OCR with ABBYY FineReader
Overview
Teaching: 30 min
Exercises: 5 minQuestions
How is ABBYY different from Acrobat?
How can you enhance PDFs for OCR?
How can you preview, edit, and export your OCR?
Objectives
Explain methods to improve OCR quality in ABBYY
Explain how to edit and correct OCR text
Enhancing PDFs to improve OCR accuracy
- Even the best qualtiy scan can cause OCR issues.
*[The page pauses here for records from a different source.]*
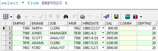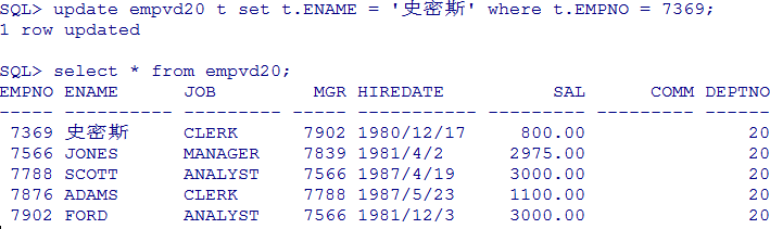 create view empvd20 as select * from emp t where t.deptno = 20 视图创建完毕就可以使用视图来查询,查询出来的都是 20 部门的员工
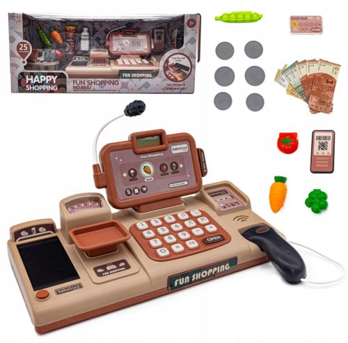Sklepowa Kasa Fiskalna dla Dzieci WAGA Koszyk Skaner ZABAWA w SKLEP Towary
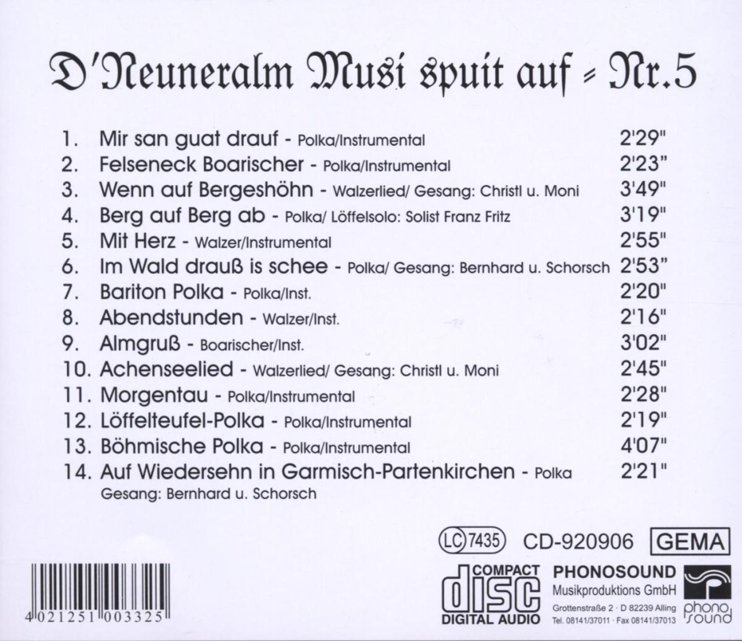 D'Neuneralm Musi: Spuit auf Nr. 5 auf CD
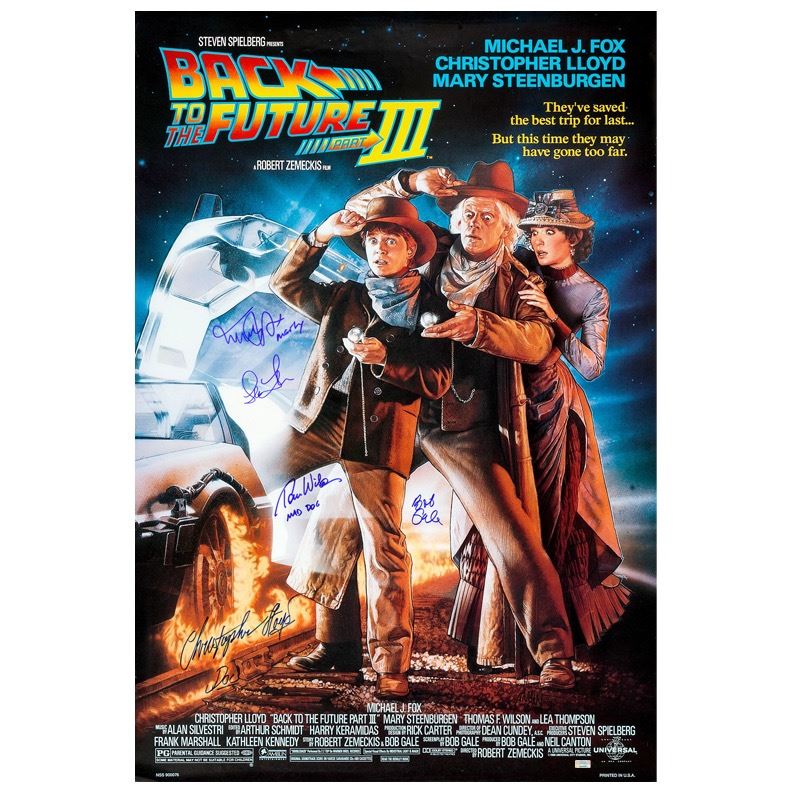 This Back to the Future Part III 27x40 Movie Poster has been personally hand-signed by Michael J. Fox (Marty McFly), Christopher Lloyd (Doc Brown), Thomas Wilson (Mad Dog), Lea Thompson (Maggie) and writer Bob Gale during their signings with Celebrity Authentics. Doc and Marty travel farther back in time than ever before in this time traveling comedy set in the old west. Poster is an officially licensed, high quality reproduction with original hand-signed autographs and ships affixed with a Celebrity Authentics serial-numbered and tamper evident Authentication Hologram and includes Celebrity Authentics Certificates of Authenticity featuring a picture each actor signing the poster. Please note, due to their packaging, to help ensure their safe delivery we are unable to combine posters with other items. Stock image used for product images. Item ships with clean, unsmudged autograph in similar location.

There are several stategies for editing a PDF to help improve OCR quality:
- Removing background color (black text on a white background).
- Increasing contrast
- Straightening & de-skewing text
- Removing noise or extraneous marks
OCR with ABBYY Finereader
- ABBYY Finereader for quick conversion of PDFs, including basic OCR
- ABBYY OCR Editor for more OCR options, custom pattern recognition, language selection, and more.
Getting Started with ABBYY
- Right-click on PDF named ‘InterAmerican.pdf’, select Open with ABBYY FineReader 14.
- Click the ‘Recognize Text’ drop-down and select ‘Open in OCR Editor’.
Viewing OCR output
- After the OCR process is complete, we can compare the original document to the text-only version.
- ABBYY highlights potential errors in blue. We can manually correct or edit the text data before saving/exporting for greater QA.
Spend a few minutes manually correcting and verifying highlighted text.
Improving OCR Quality
- ABBYY provides a built-in image editor to correct scans increasing the legibility of the text.
- The default option will try to intellegently correct the image so the OCR engine can more easily recognize text. You can also edit the scans manually.
Using the Image Editor
- Right-click on PDF named ‘PlantPestsCT.pdf’, select Open with ABBYY FineReader 14.
- Click the ‘Recognize Text’ drop-down and select ‘Open in OCR Editor’.
- You’ll see the recognized text quality is very low. We can use the built-in image editing tools to improve the accuracy of the OCR.
- Click ‘Image Editor’. This will open a new interface in ABBYY for editing images to improve OCR quality.
- There are several tasks we can do to improve the OCR quality:
- Crop out non-essential features
- Change background color to white
- Increase contrast or brightness
- de-skew words/lines
- Remove noise & marks
- Edits can be applied to a single page, even or odd pages, or all pages.
Creating Templates
Area templates allow us to identify all the text boxes on one page and apply an identical layout to other pages. We can even save these templates for use in other ABBYY projects.
Create an Area Template
Many times, the text blocks of scanned books do not line up in the center of the scan. Often, the text for even vs odd pages will be aligned differently on the page. We can account for this with our templates.
- Choose page 2 and draw a green text box around the main block of text.
- Right-click on any existing grenn text boxes and select ‘Delete’. These boxes contain, page numbers, watermarks, and other text we don’t want to include (note this will also ignore any images on the page).
- Choose ‘Area’ from the top menu and select ‘Save Area Template’.
- Name the template ‘trees_even.blk’ and save.
- Now select page 3 and repeat the steps 1 and 2 above.
- Name the template ‘trees_odd.blk’
- From the ‘Pages’ toolbar, click the three dots, ‘Select Pages’, and then ‘Even Pages’.
- With the even pages highlighted, choose ‘Area’ from the top menu, select ‘Load Area Template’, and choose ‘trees_even.blk’.
- Repeat steps 4 and 5 using the odd pages and odd tamplate.
- ‘Recognize’ the text again and see how the output changes.
Key Points
ABBYY can enhance documents to improve OCR quality.
ABBY works with PDFs or any image format.